From putting McCarron on the scout team as a freshman to publicly spanking him, Saban has pushed McCarron in every way possible.

“He’s always responded the right way because we brought him up the hard way,” Saban said. “We kind of brought him up the way my dad brought me up. I expected him to do things the right way and I had a high standard for him. Whether it was slapping him on the behind on ESPN or whatever we’ve had to live through, we did it. He always responded to it the right way.”

And McCarron’s mom, Dee Dee Bonner, appreciates all of the tough love. Even the butt slap. Bonner said the incident was “nothing more than a parent getting onto their kid like they’re suppose to.” Bonner said it was Saban’s honesty that made her comfortable with letting her son grow up under his direction.

“AJ will tell you coach Saban is like a second dad to him. We’re thankful for that. His father is also appreciative of that,” Bonner said. “Some people think that we should be jealous or concerned, but we’re not. I wouldn’t want my kids anywhere else if they didn’t feel could come to a coach and talk to them if they had an issue or a concern whether it be in the classroom or their personal life or whatever. Knowing that AJ has that connection is a breath of fresh air.”

McCarron has been stellar on the field. His 35 career wins equal Jay Barker’s school record, which he’ll break on Senior Day when the Tide welcomes Chattanooga to Bryant-Denny Stadium.

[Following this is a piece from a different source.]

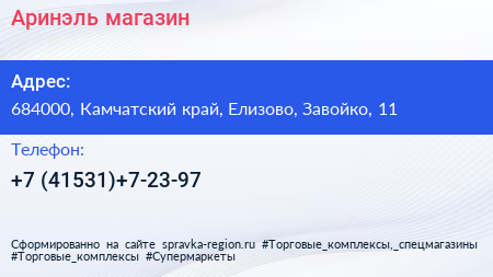 Аринэль, магазин по адресу 684000, Камчатский край, Елизово, Завойко, 11 в дальнейшем Организация, размещена в следующих категориях:

McCarron already owns school records for career passing yards (8,184), touchdowns (70) and consecutive passes without an interception (291).

But how does McCarron want to be remembered?

“Just as a guy that did the right things,” McCarron said. “I don’t care about stats and all that. I feel like people get caught up in stats and worried about that and not worried about winning, and winning at the end of the day is what you want to do, which doesn’t bother me one bit. … I just want to win and do the right things for my teammates, and hopefully people will remember that.”

While McCarron will go down as the most successful quarterback in Alabama history, an emotional Bonner said all of the accolades won’t be what she remembers about her son’s career.

“Just his relationships and to know that he has formed life-long bonds with teammates and coaches,” she said. “To see the love he has for his teammates, coaches and the school has been such a blessing and I’ll remember that.”